■ TASK INPUTS
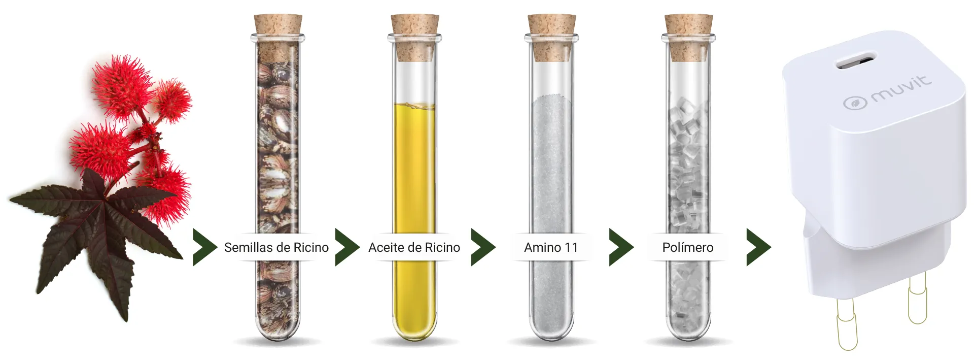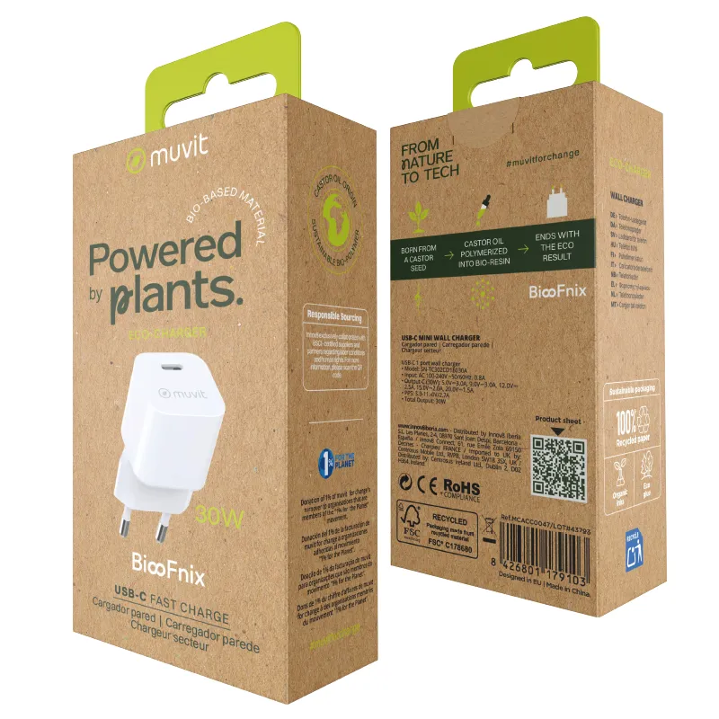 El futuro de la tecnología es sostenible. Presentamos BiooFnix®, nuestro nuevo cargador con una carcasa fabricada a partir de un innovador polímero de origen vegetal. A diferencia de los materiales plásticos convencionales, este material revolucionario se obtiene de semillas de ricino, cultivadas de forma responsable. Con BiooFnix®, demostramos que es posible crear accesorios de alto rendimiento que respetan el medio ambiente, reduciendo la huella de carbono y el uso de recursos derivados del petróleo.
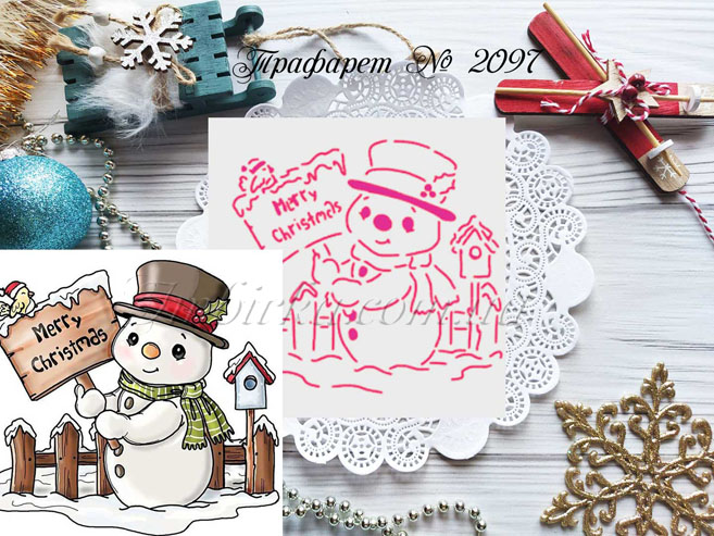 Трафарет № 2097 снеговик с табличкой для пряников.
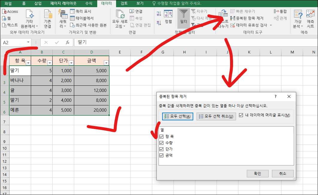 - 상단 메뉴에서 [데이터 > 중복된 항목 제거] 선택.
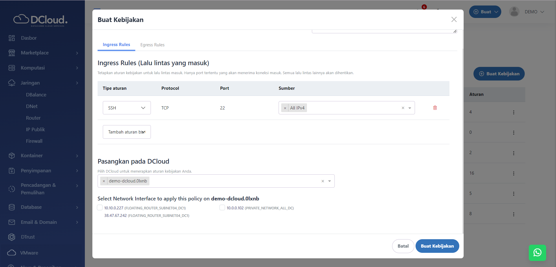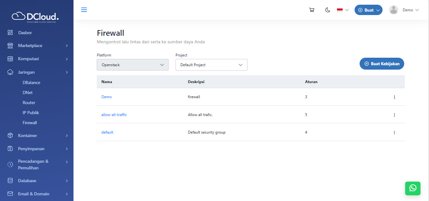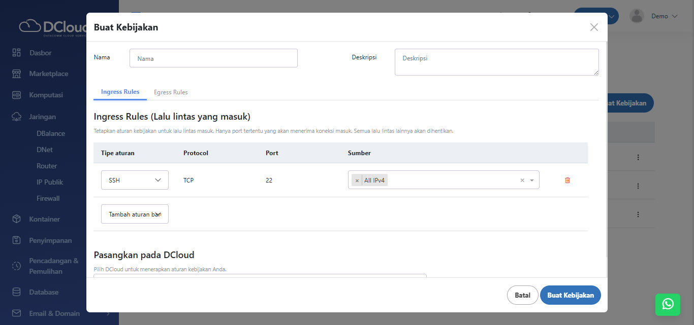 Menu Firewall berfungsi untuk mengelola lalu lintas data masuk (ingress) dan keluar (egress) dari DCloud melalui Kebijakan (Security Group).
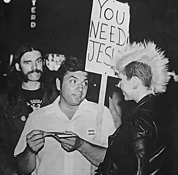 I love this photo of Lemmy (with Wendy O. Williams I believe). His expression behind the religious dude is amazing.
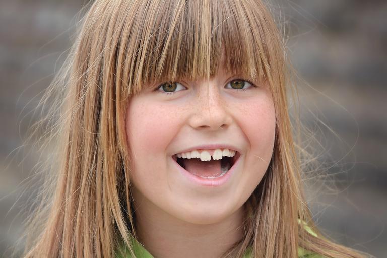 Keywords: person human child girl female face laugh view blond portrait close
==
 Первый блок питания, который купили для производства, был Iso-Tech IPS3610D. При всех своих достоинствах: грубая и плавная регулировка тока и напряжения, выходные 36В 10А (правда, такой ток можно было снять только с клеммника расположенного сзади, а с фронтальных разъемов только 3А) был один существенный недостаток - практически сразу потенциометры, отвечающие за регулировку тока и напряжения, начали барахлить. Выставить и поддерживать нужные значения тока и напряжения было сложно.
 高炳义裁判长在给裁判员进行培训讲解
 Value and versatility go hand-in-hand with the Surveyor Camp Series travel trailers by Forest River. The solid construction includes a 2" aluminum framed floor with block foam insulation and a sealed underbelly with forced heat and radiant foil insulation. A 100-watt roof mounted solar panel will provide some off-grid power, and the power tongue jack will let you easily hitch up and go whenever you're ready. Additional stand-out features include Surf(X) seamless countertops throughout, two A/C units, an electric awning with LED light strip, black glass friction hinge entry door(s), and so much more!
* * *
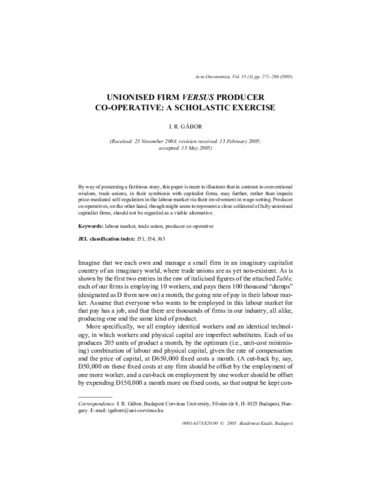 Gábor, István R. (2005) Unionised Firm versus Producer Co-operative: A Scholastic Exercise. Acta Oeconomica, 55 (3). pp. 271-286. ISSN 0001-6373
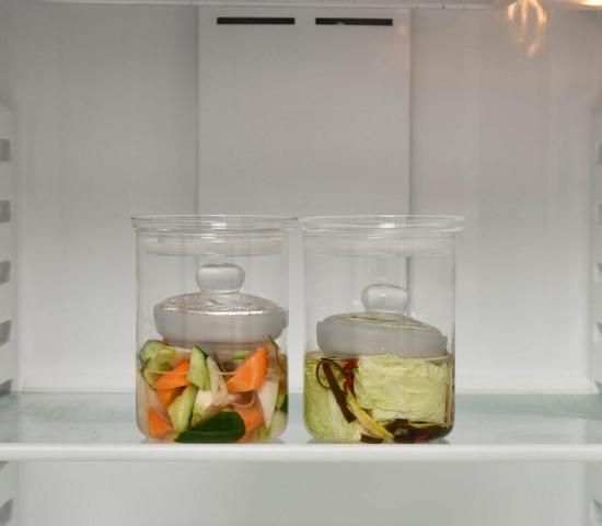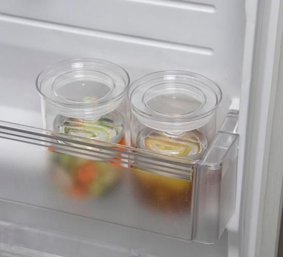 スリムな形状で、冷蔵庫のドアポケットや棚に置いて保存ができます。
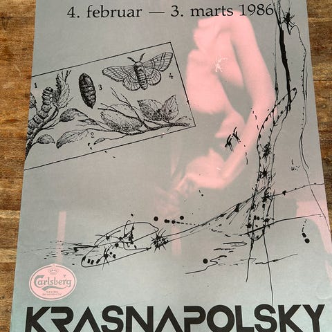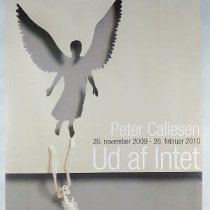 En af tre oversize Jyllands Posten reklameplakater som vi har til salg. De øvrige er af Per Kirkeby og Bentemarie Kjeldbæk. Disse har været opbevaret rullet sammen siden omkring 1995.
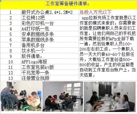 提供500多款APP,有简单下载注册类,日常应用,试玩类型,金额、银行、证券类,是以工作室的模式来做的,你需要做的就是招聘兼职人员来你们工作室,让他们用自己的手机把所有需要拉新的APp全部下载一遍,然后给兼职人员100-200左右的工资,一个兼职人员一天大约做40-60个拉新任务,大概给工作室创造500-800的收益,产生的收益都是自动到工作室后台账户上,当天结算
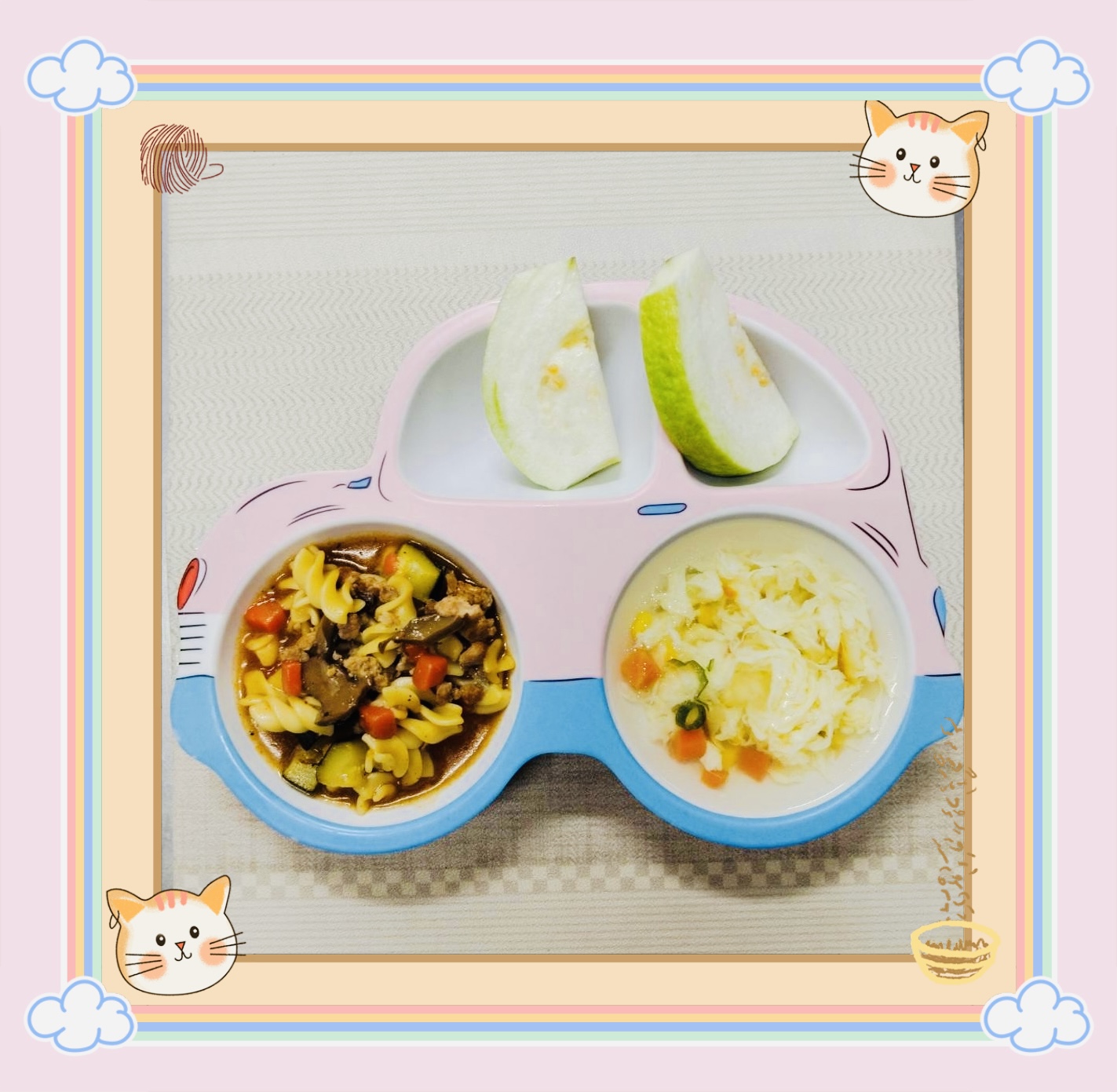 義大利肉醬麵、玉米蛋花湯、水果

■ YOUR INSTRUCTIONS
In the listing above, find the line containing "- 상단 메뉴에서 [데이터 > 중복된 항목 제거] 선택.". Output it and every line after it up to and including the line containing "Keywords: person human", exactly, but skip the pictures.

■ RESULT
 - 상단 메뉴에서 [데이터 > 중복된 항목 제거] 선택.
 Menu Firewall berfungsi untuk mengelola lalu lintas data masuk (ingress) dan keluar (egress) dari DCloud melalui Kebijakan (Security Group).
 I love this photo of Lemmy (with Wendy O. Williams I believe). His expression behind the religious dude is amazing.
 Keywords: person human child girl female face laugh view blond portrait close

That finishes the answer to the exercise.